The following question is from Blitztein-Hwang, Introduction to Probability:
Independent Bernoulli trials are performed, with probability 1/2 of success, until
there has been at least one success. Find the PMF of the number of trials performed.
Let $X$ be the number of trials performed.
When I first attempted the question, I concluded that $P(X=k) = 1-(\frac{1}{2})^k$ via the principle of inclusion-exclusion and the independence of events. My thought process here was the following: because the question says until there has been at least one success, then for $k$ trials, we need at least one success, i.e., we can get up to $k$ success.

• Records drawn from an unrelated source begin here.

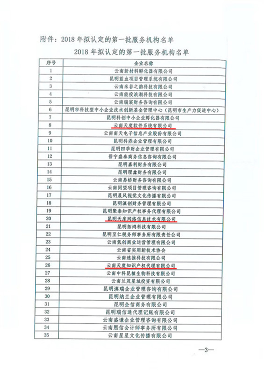 天度集團旗下三家企業(yè)(昆明天度網(wǎng)絡(luò )信息技術(shù)有限公司、云南天度知識產(chǎn)權代理有限公司、云南天度軟件系統有限公司)為認定的“昆明市小微企業(yè)創(chuàng )業(yè)創(chuàng )新服務(wù)券服務(wù)機構”,咨詢(xún)熱線(xiàn):0871-6899 8822。
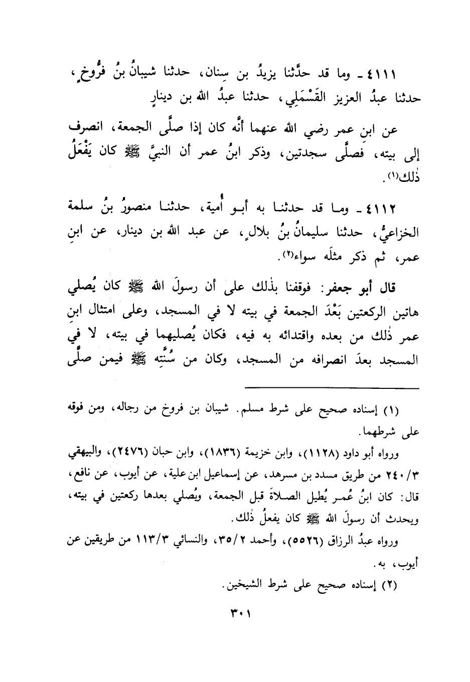 4111 - وَمَا قَدْ حَدَّثَنَا يَزِيدُ بْنُ سِنَانٍ، حَدَّثَنَا شَيْبَانُ بْنُ فَرُّوخٍ، حَدَّثَنَا عَبْدُ الْعَزِيزِ الْقَسْمَلِيُّ، حَدَّثَنَا عَبْدُ اللهِ بْنُ دِينَارٍ، عَنِ ابْنِ عُمَرَ رَضِيَ اللهُ عَنْهُمَا أَنَّهُ كَانَ إِذَا صَلَّى الْجُمُعَةَ انْصَرَفَ إِلَى بَيْتِهِ فَصَلَّى سَجْدَتَيْنِ، وَذَكَرَ ابْنُ عُمَرَ أَنَّ النَّبِيَّ صَلَّى اللَّهُ عَلَيْهِ وَسَلَّمَ كَانَ يَفْعَلُ ذَلِكَ
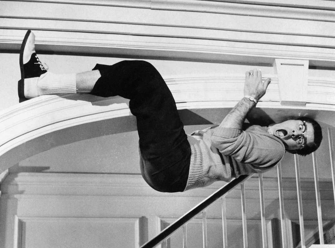 Er scheint über 47 Gesichtsausdrücke, 23 unterschiedlich effiziente Fortbewegungsarten, in jede Richtung dreh- und biegbare Gelenke, Knochen aus Gummi und eine unsichtbare Ganzkörper-Schutzhülle zu verfügen, und schließlich über ein jederzeit abrufbares Höchstmaß an Energie: Jerry Lewis, aka The Geisha Boy, The Bellboy, The Errand Boy, oder auch The Nutty Professor, wie einige seiner bekanntesten Titelfiguren heißen – eine Menge Boys für einen Mann, der damals immerhin auf die Vierzig zuging. Dazu passt, dass ein körperliches Merkmal des Jerry Lewis wenig Variationsmöglichkeiten aufweist: seine Stimme. Lewis’ Figuren quieken oder kieksen oder greinen oder kreischen, beschränken sich auf kindliche, impulsive, ja hysterische Ausdrucksformen, die ebenso wie seine irrwitzigen körperlichen Stunts das Erwachsensein einfach negieren. Das war ein Wagnis in den späten Fünfzigern und in den Sechzigern, aber Lewis hatte schon früher damit begonnen, einfach nicht aufgehört und dann als Produzent, Autor, Regisseur und Hauptdarsteller vieler seiner Filme seine eigene Marke kreiert.

Then, after a quick search, I stumbled on this previous question: Bernoulli trials with at least 1 success and 1 failure. In the answer, it is stated that $X$ has a geometric distribution, i.e., $P(X=k) = (1-\frac{1}{2})^{k-1}\cdot \frac{1}{2} = (\frac{1}{2})^k$, but this assumes that after $k$ trials, we only have one success, so it seems more close to until there has been a success and not until there has been at least one success
Please, can someone help me understand which case better reflects the question and why?
Best Answer
Your error is in this line:
The key detail is that you're counting until the first success. This doesn't mean you can have up to $k$ successes; it means instead that your first $k-1$ trials could not have had a success, but that your $k^{\text{th}}$ one did, making it the first of them. That's the role of the word until in this context; it implies that we stop when we find a success. (Yes, the use of "at least one" becomes necessarily strange in this formulation.)